The SMCPL-ECA-DPC model presented in this paper is implemented using the Python 3.9 programming language, with a framework built on PyTorch 2.1.0. The hyperparameter configurations are detailed in Table 7. This model selects three scale features for fusion; specifically, after obtaining three different scale features pooled by Max_pooling1, Max_pooling2, and Max_pooling3, they are input into the ECA for fusion, and the fused features are input into the Fully connected layer 1. The number of fully connected layers is set as 3. The dimension of the initialized prototype is set to the number of nodes in the output of fully connected layer 3, and this output is the data feature extracted by SMCPL-ECA, which is then input into DPC for clustering recognition. It is worth noting that since the number of samples in the training set is not the same for all tasks, the batch size will be set adaptively based on the experimental comparison of batch sizes in Figure 3. The batch size is chosen to be 64 when the number of training set samples is large and 32 when it is small. In addition, this paper employed the Adam optimizer and set the learning rate to 0.001 based on the results in Figure 3.

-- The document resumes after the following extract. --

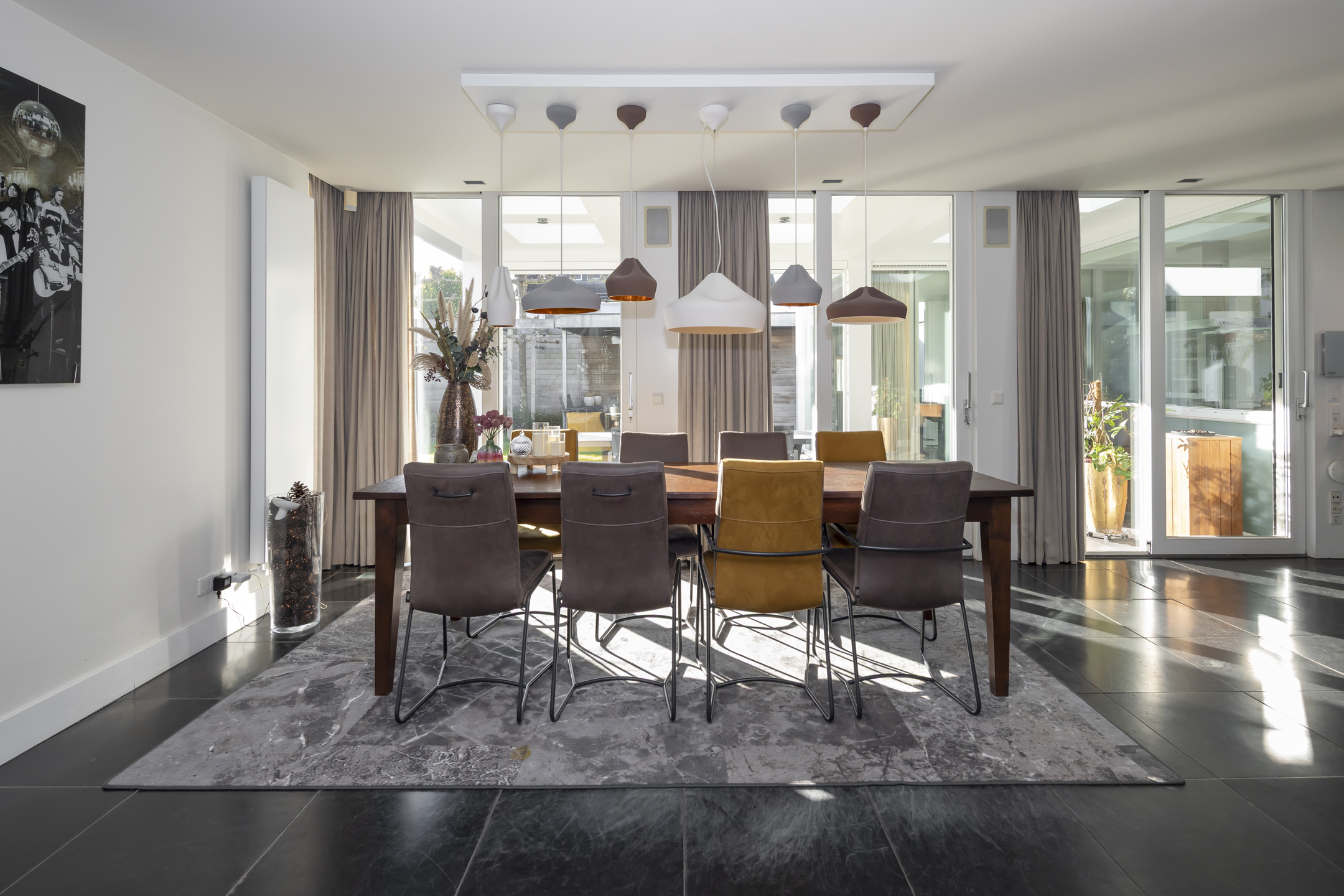 The front door is located on the side of the house, from which you enter the hallway. In this beautiful hall, where the meter cupboard, the toilet room, and the stairs to the first floor are located, you enter the living room through a beautiful glass pivot door.
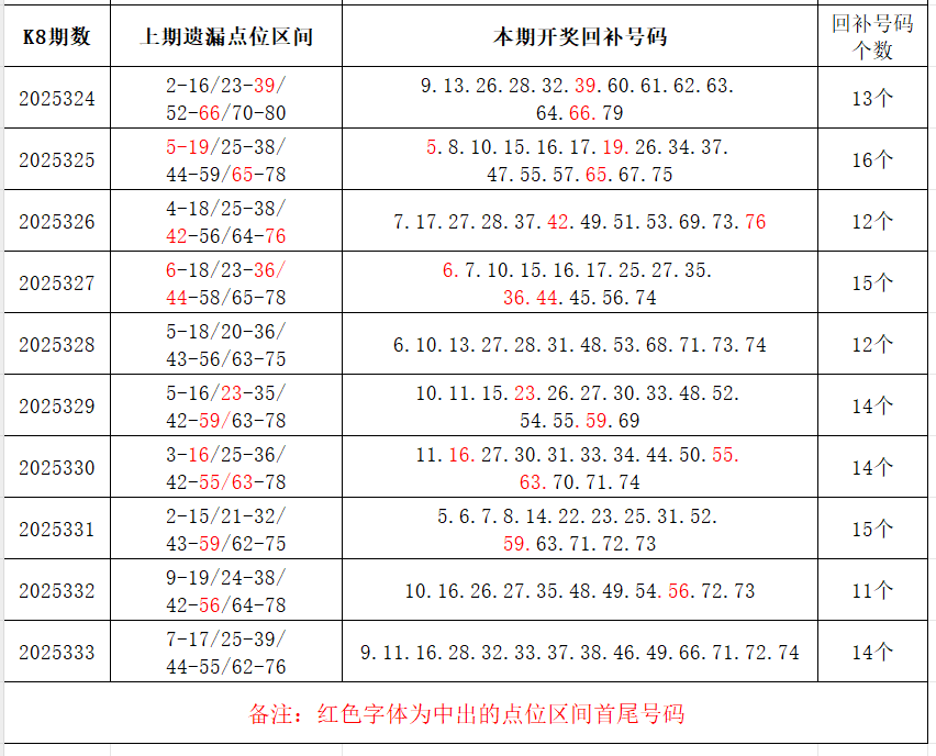 分享第二个数据分析:定位点位区间。上期开奖号码和邻号以外的号码,即为遗漏号码,大概率会在下期回补开出。以近10期回补点位区间的统计数据为例:

In this paper, CPL and SMCPL are selected for ablation experimental validation based on the proposed SMCPL-ECA-DPC model architecture, in addition to the classical CNN method, the OpenMax method, and the Adaptive Negative Evidential Deep Learning (ANEDL, 2023) [16] method for comparison experiments. The structure and parameters of the six models were optimized through extensive experiments to achieve the best performance of the models used.

5. Experimental Results and Analysis

This section presents the performance evaluation and analysis of the SMCPL-ECA-DPC framework, based on metrics such as NA, NF1, J, and feature visualization.

5.1. CWRU Experimental Results

The computational complexity of different models on the CWRU dataset is shown in Table 8. Due to the limitation of the experimental environment, this study conducts training and inference on the CPU platform; so, the average inference time for a single sample is relatively long. If GPU acceleration is used, the inference efficiency is expected to be significantly improved. Although the inference time of the SMCPL-ECA-DPC model is longer compared with simple CNN and CPL, its response time is still suitable for practical system monitoring and fault diagnosis. The sampling frequency of the CWRU dataset is 12 kHz, and each input sample contains 1024 data points, as described in this article. The sample generation time is calculated to be 1024/12,000 ≈ 85.3 ms. The inference time of the SMCPL-ECA-DPC model is 8.1 ms, which is much lower than the sample generation time of 85.3 ms. Therefore, the SMCPL-ECA-DPC model can be used for real-time monitoring of bearing health.

Tests were conducted according to the OSR experiment serial number in Table 2, and the results of the evaluation indexes obtained from the experiments are shown in Table 9. According to the three key performance indicators listed, the SMCPL-ECA-DPC model proposed in this paper exhibits either optimal or suboptimal performance in terms of overall performance for all 10 types of data jointly involved in the OSR experiments. Figure 8 shows the full closed-set fault diagnosis effect of SMCPL-ECA-DPC with an accuracy of 99.57% on the test set, which indicates that the model proposed in this paper is extremely effective for the extraction of critical fault signals and can provide accurate and reliable diagnosis results.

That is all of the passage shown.